改了约会推了晚餐,陈若杨急急忙忙打电话给云九纾赔笑脸,这才有了现在这檔子事。
但陈若杨显然低估了云九纾的脾气。
她从见面哄云九纾到现在,可是云九纾却连个眼神都不肯给。
“阿九,”哄得没了耐心,陈若杨嘆声气问:“我知道你心裏有气,你也别闷着,给个态度,这件事我们还有沟通转圜的机会吗?”
几句话的功夫就把问题扣到了云九纾身上。
好像现在不发表意见倒成了她不肯沟通,云九纾冷冷瞥了她一眼:“行啊,今天就给个话,这店,能,还是不能做了。”
见她把话一下子全摊开了,陈若杨一时间有些接不住话。
她原本只是想给点压力。
当云九纾发觉这裏普通生意起不来后,应该会主动找些歪路子,到时候再叫她安排的人一引导,就顺利达成了目的。
可陈若杨万万没想到,云九纾的耐心远比想象中还要久。
守着这生意撑了半个月。
“阿九,不要把我们之间的距离搞得这么远。

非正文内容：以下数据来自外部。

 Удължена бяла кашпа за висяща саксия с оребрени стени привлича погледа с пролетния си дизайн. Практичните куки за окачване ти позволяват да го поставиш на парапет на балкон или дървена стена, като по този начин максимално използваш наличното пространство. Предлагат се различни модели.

”陈若杨嘆了声气说:“你跟我是同一类人,只有我们俩绑到一起,才能彻底将利益更大化不是吗?”
利益最大化,这五个字一出来,云九纾没忍住冷笑出了声:“陈老板,都是千年的狐貍,你跟我玩什么聊斋?”
“当初说叫我入最少的股,分最大的红,好像所有得利者都是我,现在呢?”
店裏生意陈若杨是不管的,所有担子丢给云九纾不说,还要安排一些她的人来店裏碍眼。
云九纾算是看明白了,陈若杨就是想找个免费好拿捏的管理者压榨。
但是不巧,云九纾从来不是什么好捏的软柿子。
“现在当然也是,”陈若杨眼珠子一转,笑道:“阿九,如果你担心分红,就完全是多想了,这裏的生意不好也没关系,这样,我额外把城北那边几家颓的收益都抽给你,怎么样?”

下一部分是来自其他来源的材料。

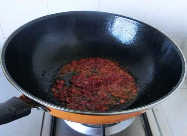 3、锅中放入油,放入剁碎的郫县豆瓣酱,炒出红油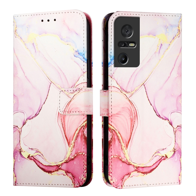 Funda de Cuero con Tapa para TCL 40 Se Pt003 con Patrón de Mármol (Oro Rosa)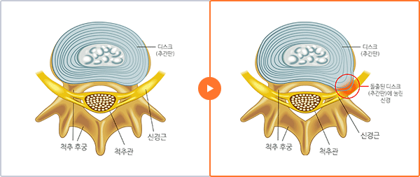 ㆍ 척추사이의 디스크가 척추관쪽으로 뒤로 밀려나거나 탈출되는 경우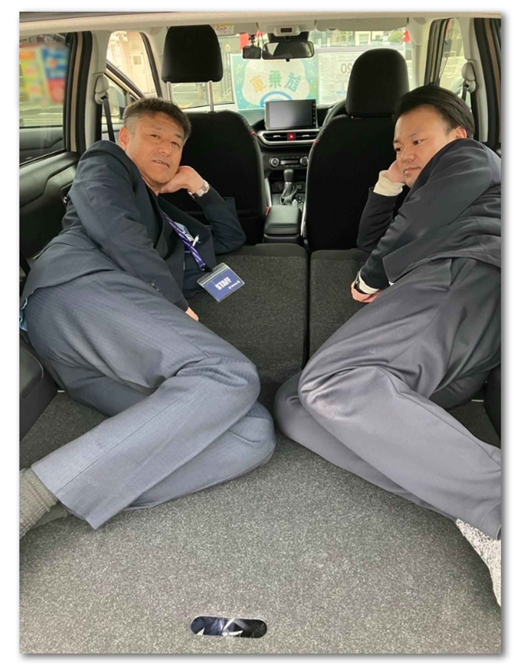 ラゲッジスペースだけだと足をまっすぐ伸ばすことはできませんが、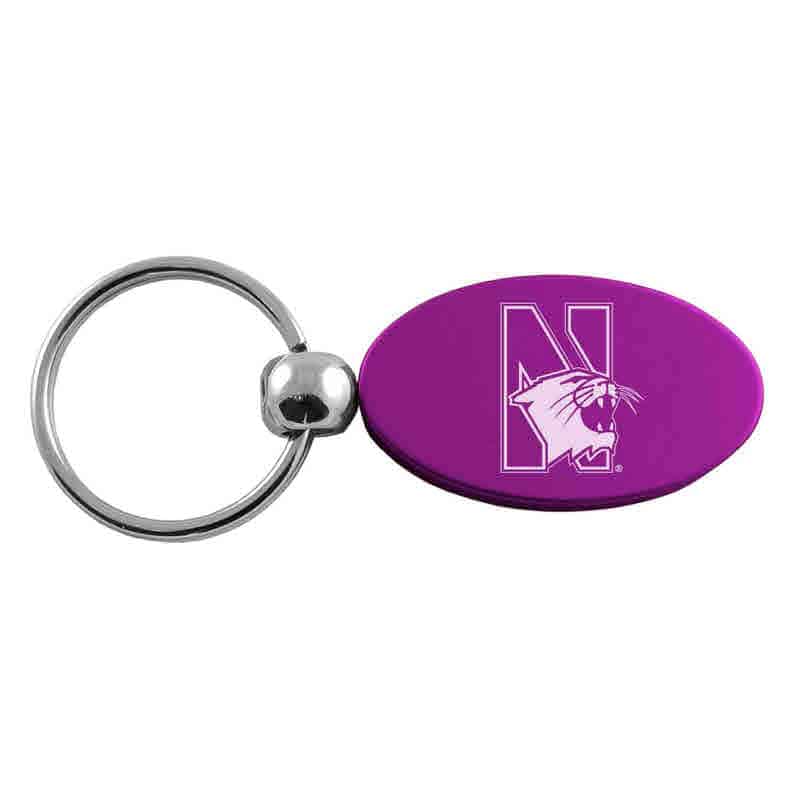 Northwestern University Wildcats Laser Engraved Purple Oval Keychain with N-Cat Design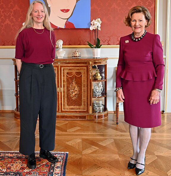 Sono giorni complicati per la regina di Norvegia: le voci che da tempo si susseguono sulle condizioni di salute di Re Harald sembravano aver trovato conferma la scorsa settimana, quando l’apertura del Parlamento per la prima volta in trent’anni si è tenuta alla presenza dell’erede Haakon e non dal sovrano, assente per problemi respiratori cui due giorni fa è seguito un intervento per la sostituzione di una valvola cardiaca. Sonja, col garbo la grazia e la dignità che le sono propri tiene fede alla su agenda, e mercoledì ha ricevuto a Palazzo Reale Ciana Phillips, vincitrice del Queen Sonja Print Award. Semplice ed elegante in un abito con baschina in sbieco, di un bel viola melanzana che le dona molto. E non vi stupiscano le calze di quel colore, negli anni ’80 erano il tratto distintivo di molte aristocratiche. Chic.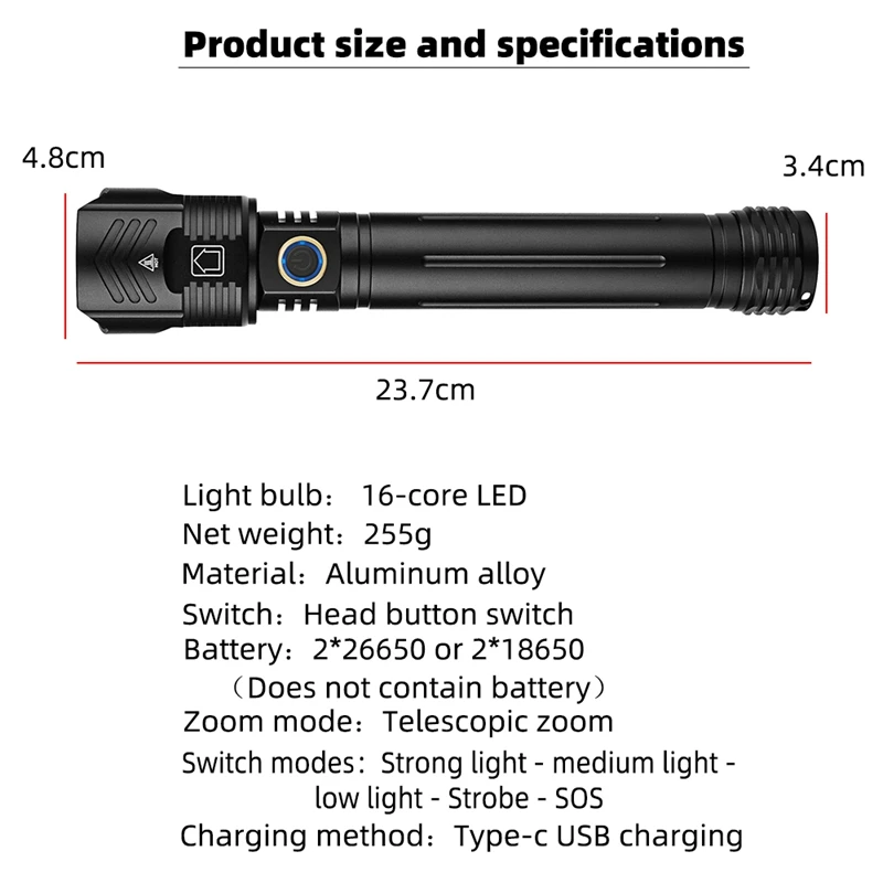 Ффонарь XHP160, 10000 мА ч светодиодный 5 режимов, перезаряжаемый ...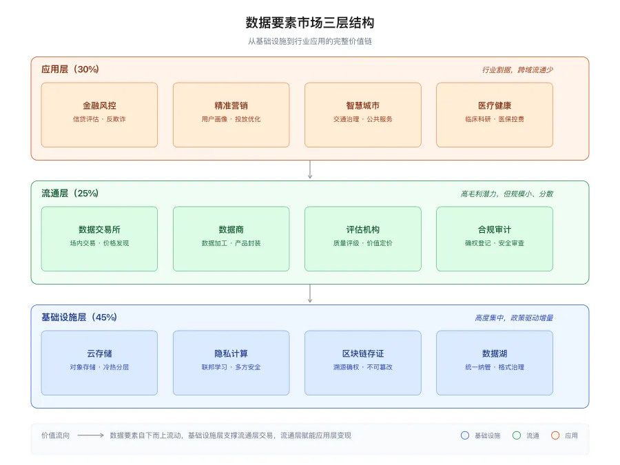 数据要素市场三层结构示意图:底层厚重的基础设施云、中间细窄的流通管道、顶层分散的应用岛屿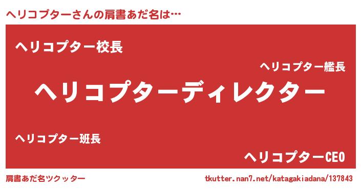 | 胡散臭い通販商品みたいなあだ名 | 『来世でも幸せになれる健康食品…その名も「ヘリコプター」』 |

她边说边松了口气,原先还以为是天大的事情难沟通,结果话绕来绕去还是担心钱啊。
既然是能用钱解决的事情,陈若杨几乎都不会放在心上。
只是话音刚落,就听见了云九纾的讥讽:“陈老板,有时候我真觉得你命好,能把生意做得这么大。”
轻飘飘一句话,陈若杨有些没反应过来。
这话的意思是在讽刺她做生意全靠命吗?
陈若杨还没来得及反驳,休息室门就被敲开了。
那被叫来的店长成欢手裏抱着个文件夹,低着头,表情怯懦,眼神闪躲。
“来来来,”见有人进来,陈若杨正愁脾气无处发,手一挥道:“就是你惹了九老板不开心是吧?”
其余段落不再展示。